The task - Up to and including the line with "Lexar NS100 SSD", restate every line of the records below word for word, from the first line on, leaving out the pictures.

Entries shown Block Start

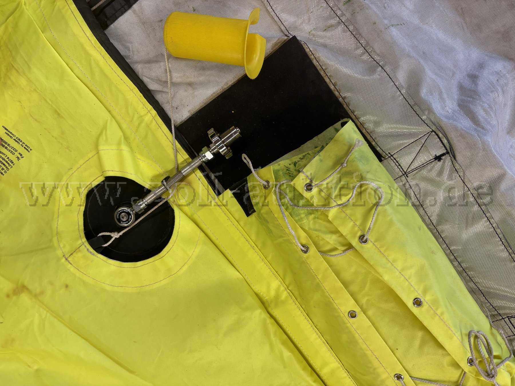 Der Sprungretter wird ohne die für den Betrieb benötigte Druckluftflasche, aber mit Tragesack, Bedienungsanleitung und Prüfbuch abgegeben.
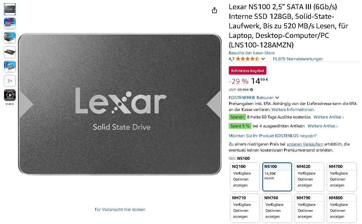 Lexar NS100 SSD 128GB zum Schnäppchenpreis auf Amazon.de
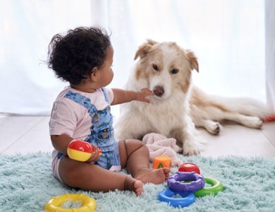 Divers objets s’ajouteront à votre maison : tapis d’éveil, balançoire, berceau électrique, jouets qui font du bruit, poussette, etc. Intégrez ces objets un à un dans l’environnement, et mettez-les en mouvement progressivement, tout en associant l’expérience à quelque chose d’agréable pour votre chien, surtout s’il présente des signes de peur.
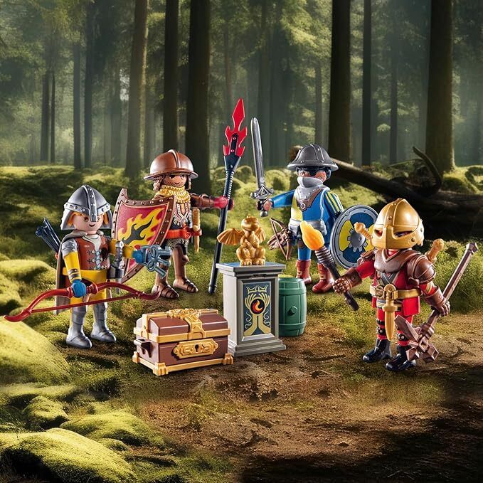 Experience magical playtime with the exciting knight playsets from PLAYMOBIL. With the versatile My Figures Sets, children can create a PLAYMOBIL world according to their wishes. Thanks to the figures in individual parts, creativity knows no bounds. Bodies, heads, arms, and legs can be assembled in any way desired, providing endless possibilities for imaginative play. Fun knightly play for children aged 4 and up. The play figure set includes four PLAYMOBIL figures, knight helmets, shields, swords, lance, a chest, a golden dragon statue, and many other fantastic extras.
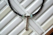 直径3mmの美しいブラックスピネルにカレンシルバーのトップを下げたネックレスです。
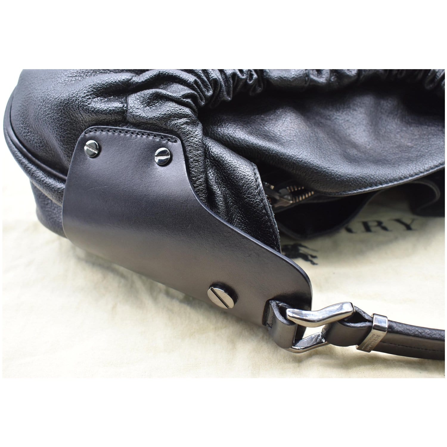 Burberry Warrior Drawstring Leather Hobo Bag
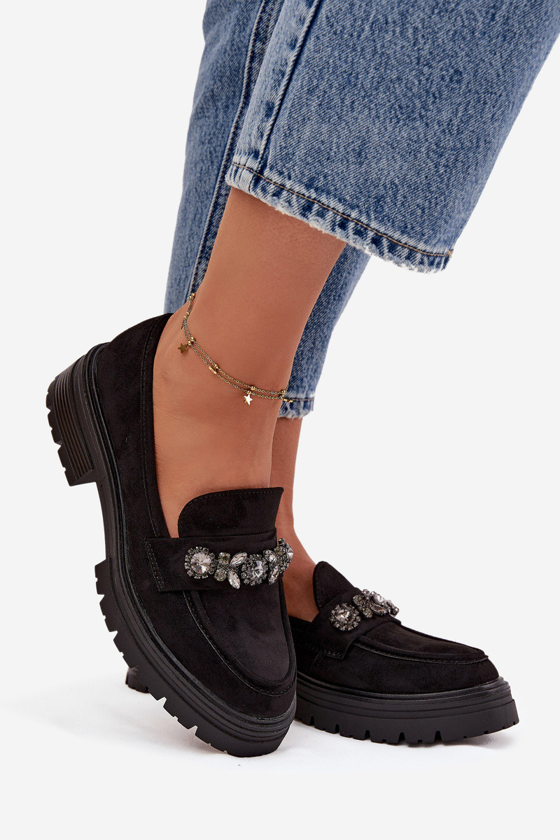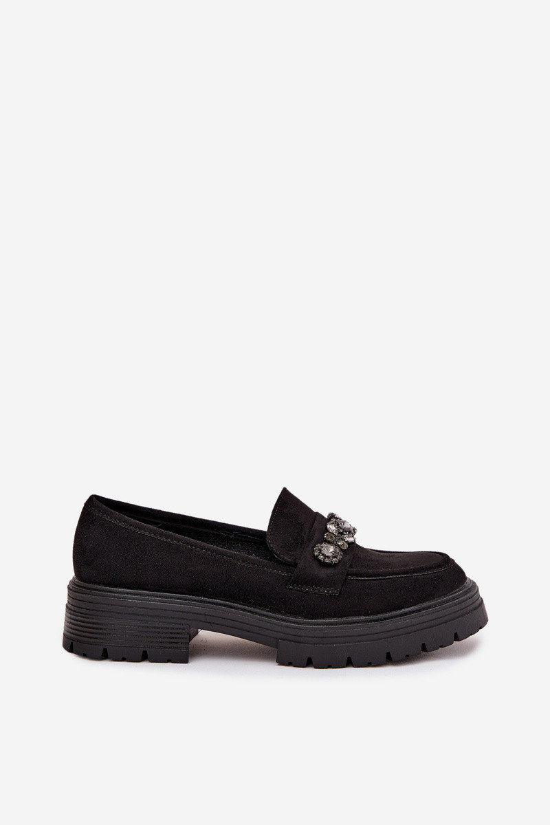 Damen-Mokassins mit glänzenden Ösen aus Kunstvelours in Schwarz Lavisse
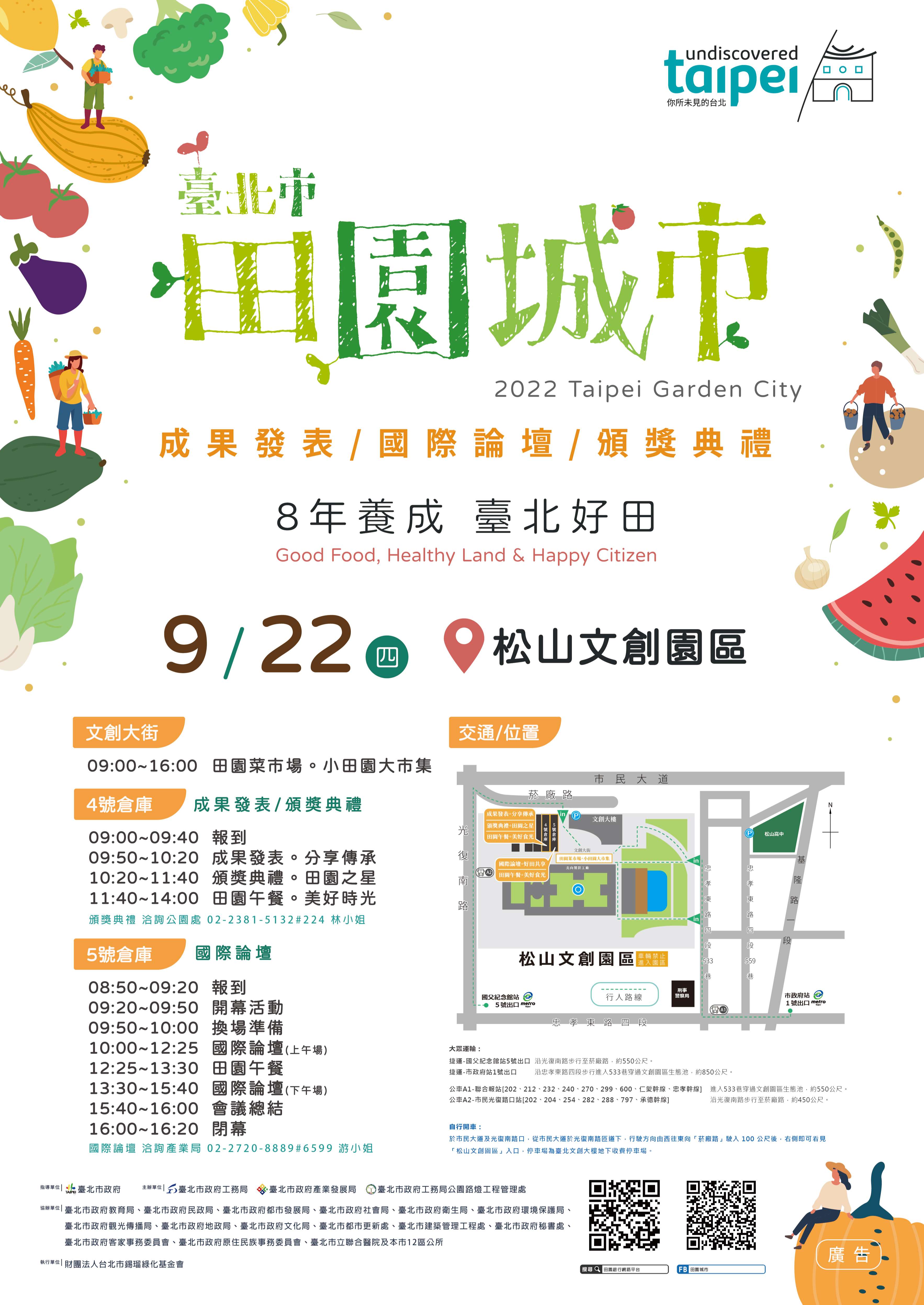 一、旨揭活動訂於111年9月22日(星期四)上午9時至下午4時於本市松山文創園區舉辦,活動主題含田園市集(文創大街)、頒獎典禮暨成果發表會(4號倉庫)及國際論壇(5號倉 庫)。
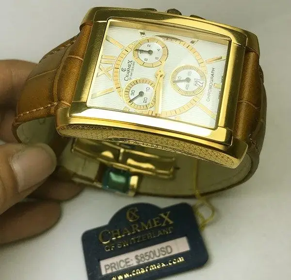 Đồng hồ Charmex Of Switzerland Chrono S2797 Quartz Swiss Made hàng chính hãng Thụy Sĩ sản xuất. Nguyên zin 100%. CònTAG zin mua mới gias 850 USD Hình thức rất đẹp mình đã tháo ra để đeo chơi đươc chục lần giờ để TAG đâu quên Mất Rồi
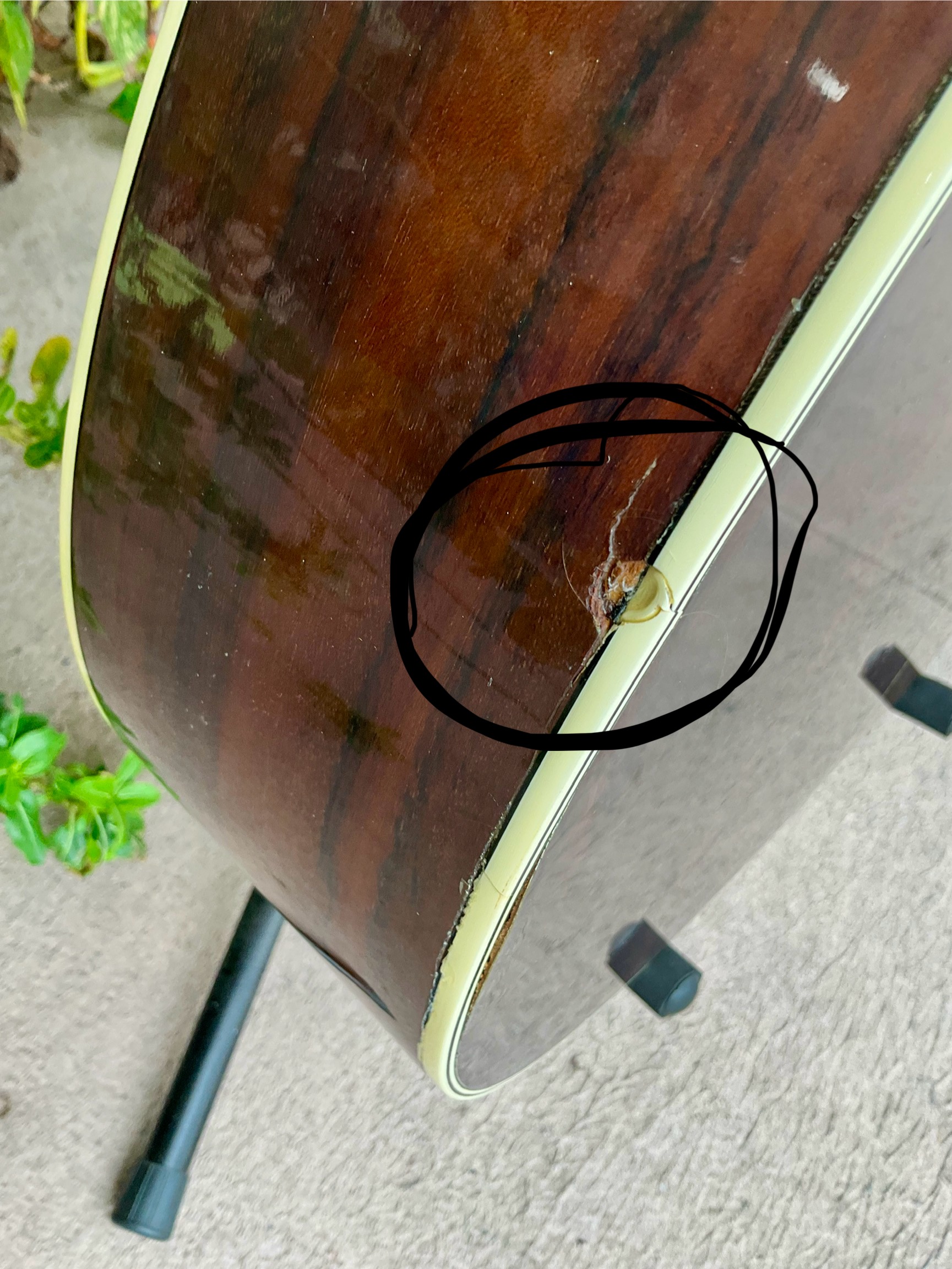 This guitar plays well , neck straight, cracks have all been glued up and does not affect the sound or playability. $499.00 **tax and fees added in final price below. domestic shipping available please add an additional $65.00
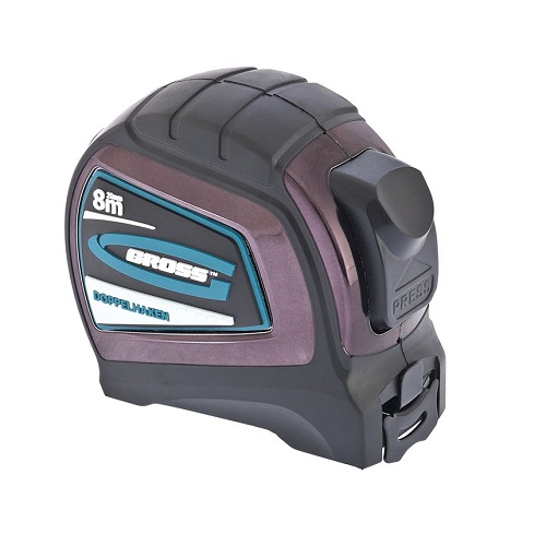 Рулетка Doppelhaken торговой марки GROSS с длиной ленты 8 м и шириной 25 мм. Сочетание ABS-пластика и термопластичной резины позволяет сохранить работоспособность при резких изменениях температуры, а также при падении с высоты до 1,5 м. Измерительное полотно с двухсторонним зацепом имеет дополнительное покрытие нейлоном, защищающее металлическое полотно от истирания и воздействия окружающей среды. Возвратная пружина из углеродистой стали обладает необходимой упругостью и долговечностью. Рулетка имеет автоматическую фиксацию измерительного полотна, что обеспечивает дополнительное удобство в работе.

Entries shown Block End

Exercise output -
 Der Sprungretter wird ohne die für den Betrieb benötigte Druckluftflasche, aber mit Tragesack, Bedienungsanleitung und Prüfbuch abgegeben.
 Lexar NS100 SSD 128GB zum Schnäppchenpreis auf Amazon.de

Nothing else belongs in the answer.